The patient was given intramuscular injections of vitamin B12 1000 mcg three times a week for one week, followed by one injection weekly for a month, followed by one injection every month for the rest of life
After 2-month review, after six weeks of the treatment, the hyperpigmentation was resolved. The neurological symptoms are getting better, although they have not subsided entirely.
Vitamin B12 is a water-soluble vitamin that plays an important role in DNA synthesis, resulting in multisystem complications when the level in the serum is deficient. The neurological complications of vitamin B12 deficiency include mental changes, peripheral neuropathy, and SCD . The most common cause of SCD is pernicious anemia; it was the cause in this case as well. It is defined by the presence of antibodies against the parietal cells of the stomach which produce intrinsic factor, resulting in insufficient absorption of vitamin B12.
Hyperpigmentation is a known dermatological manifestation of vitamin B12 deficiency. The mechanism is due to the increased melanin levels in the epidermis basal layer. The presence of huge numbers of melanosomes in melanocytes and circling keratinocytes was observed in an electronic microscope. Two cases of vitamin B12 deficiency which presented initially with darkening of palms and soles were reported in the literature [5, 6]. However, the presence of hyperpigmentation in a diagnosed case of SCD is rarely mentioned, and it was in a pediatric age group [1, 2]. The causes of SCD were due to dietary lacking and unclear etiology, respectively.

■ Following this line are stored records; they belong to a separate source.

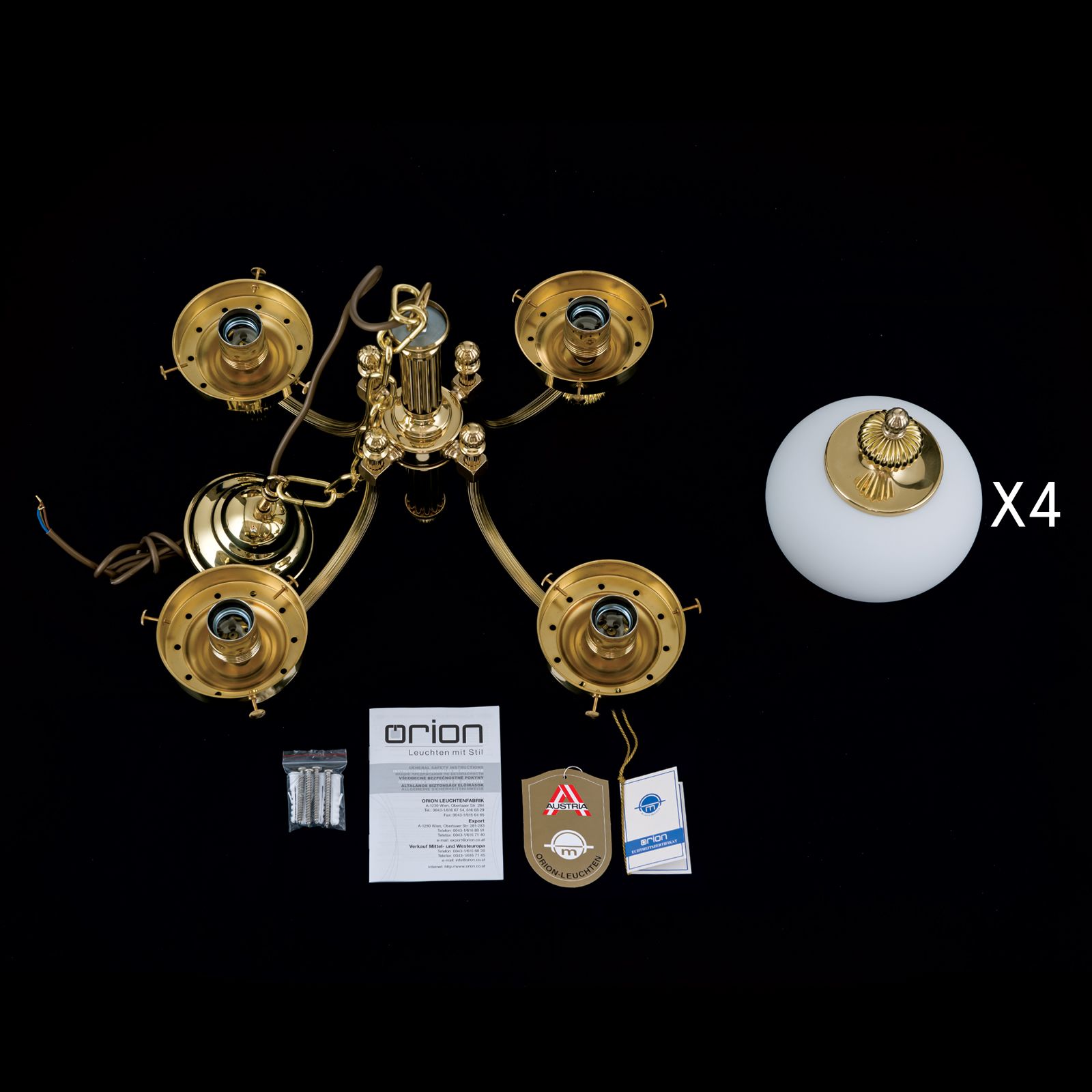 Chandelier WIENER NOSTALGIE, 4-flames, shiny brass, with opal matt glass, upwards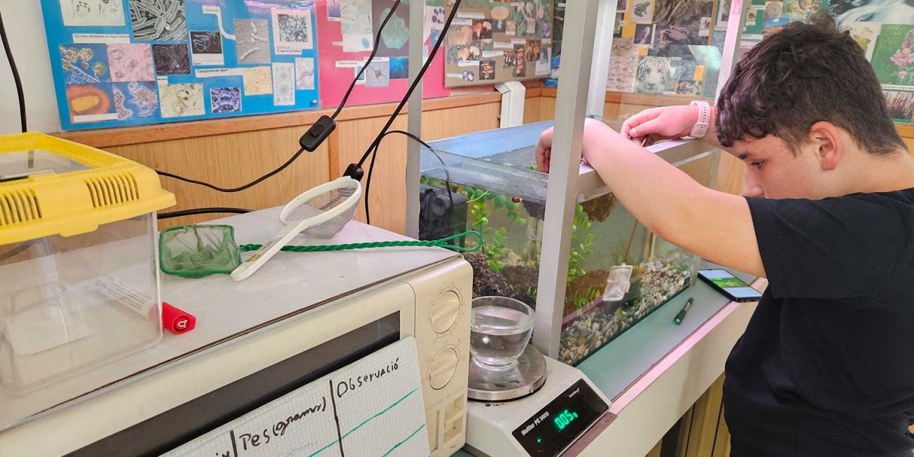 El Martí parteix d’uns alevins de pocs dies de vida situats a un aquari del laboratori de secundària i estudia el seu creixement, tenint en compte l’alimentació subministrada, la temperatura de l’aigua i les hores de llum. Per fer-lo, anota periòdicament les dades obtingudes, entre les quals destaca especialment el pes dels exemplars, que obté ficant-los en un recipient amb aigua situat en una balança d’alta precisió.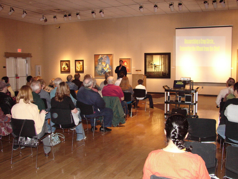 I have one public crop circle presentation planned: Monday, October 12, 2009 at 6:30 P.M. CDT at the Princeton Public Library, Princeton, Indiana. (To learn more go to our Events Page or visit http://www.princetonpl.lib.in.us/OctoberPrograms.pdf)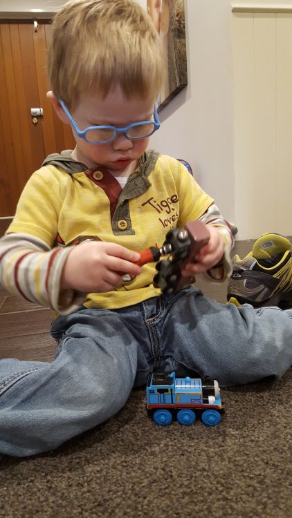 Luckily, a quick tap “fixed” thomas and it wasn’t long before LJ was back zooming around the train track!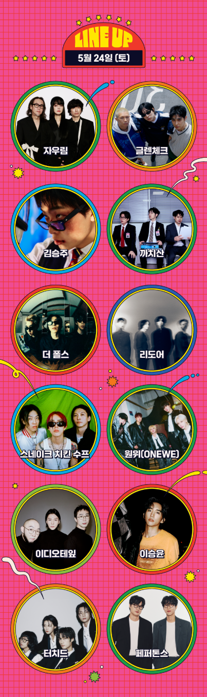- 5월 24일 : 자우림, 글렌체크, 김승주, 까치산, 더 폴스, 리도어, 스네이크 치킨 수프, 원위, 이디오 테잎, 이승윤, 터치드, 페퍼톤스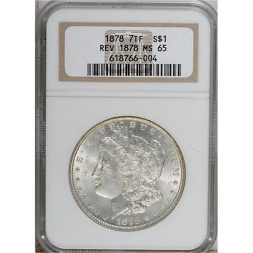 <B>1878 7/8TF $1 Weak MS65 NGC.</B></I> VAM-33. Designated only as a 7TF Reverse of 1878 by NGC. The right reverse border is powder-blue and golden-brown, while the remainder of this lustrous Gem is brilliant. Well struck and thoroughly attractive.<BR><BR><B>Coin Engraver:</B> George T. Morgan<BR><BR><b>Shipping:</b> Coins & Currency (<a target="_blank" href="http://www.heritageauctions.com/common/shipping.php">view shipping information</a>)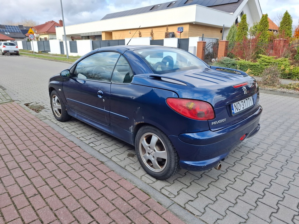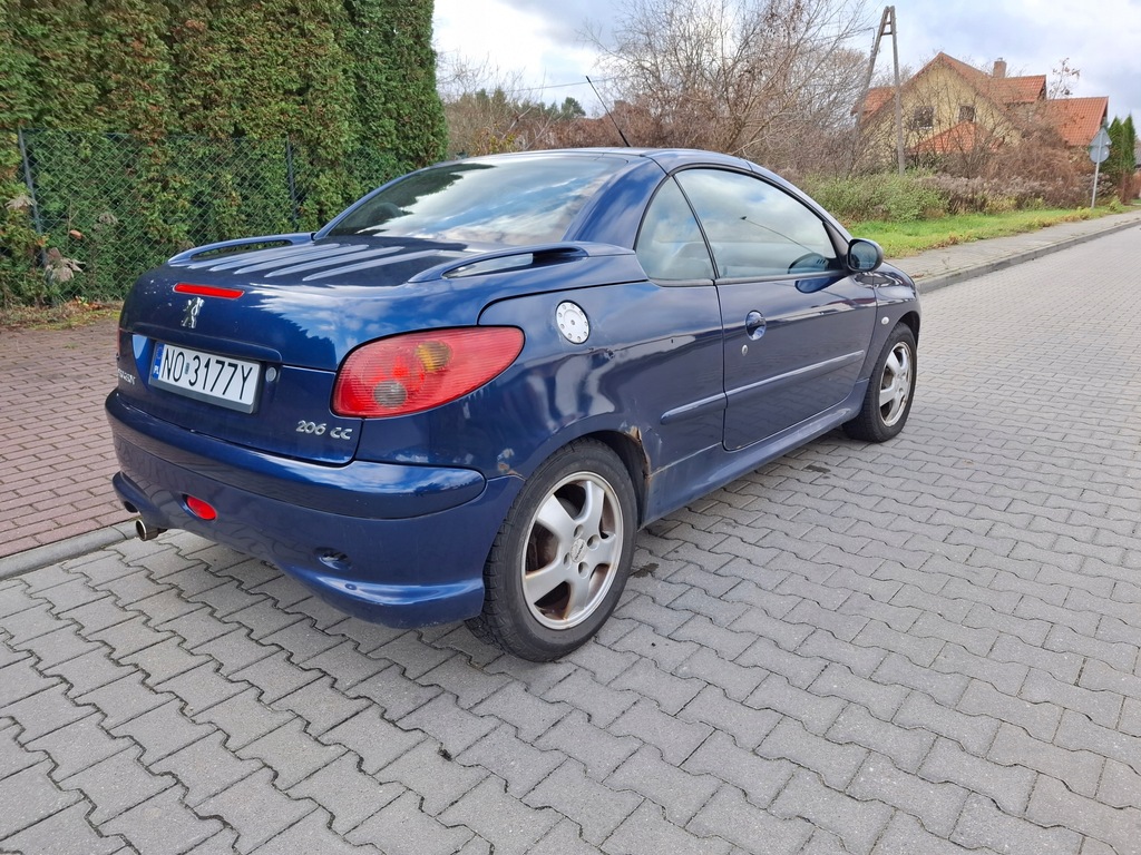PEUGEOT 206 CC 1.6 110 KM - samochód sprowadzony z Niemiec w sierpniu 2022 , w pełni udokumentowane kilometry , przegląd ważny do 08.2025 , na prawie nowych oponach zimowych , ostatnio zmienione wahacze przód P+L , łożyska amotyzatorów 4000 km , olej + filtry + świece 3500 km , kompletny rozrząd z pompą wody + pasek PK z napinaczem 2000 km , do wymiany łożyska belki tył i reperaturki błotników tył .

The dorsa of the hand and foot are the most common sites of the hyperpigmentation in a patient with B12 deficiency. Whether the development of the hyperpigmentation is responding to a certain decrease level of vitamin B12 in the serum or not still remains a question. In SCD-associated hyperpigmentation, the level varies between 60 and 121 pg/mL. However, there was one case in India that developed knuckle hyperpigmentation and the level of vitamin B12 was 31.6 pg/mL without presence of SCD . The onset of signs and symptoms of SCD after the hyperpigmentation is also not crystal clear. It is estimated to be six weeks in our case, but it was not defined in the other cases. Despite the unclear bond between vitamin B12 levels and the onset of hyperpigmentation in SCD, the resolution period of the hyperpigmentation after the treatment tends to be from 6 weeks to 12 weeks, except for the case reported by Kumar and Sharma which took 6 months . That can mean it depend more on the patient’s response to the treatment.
The delay in the diagnosis and treatment will cause SCD symptoms to progress to the extent that they can be irreversible. It is important to look for SCD in a patient who presents with hyperpigmentation regardless of the presence of the neurological symptoms, because they can manifest late.
Conflicts of Interest
The authors declare that there are no conflicts of interest regarding the publication of this paper.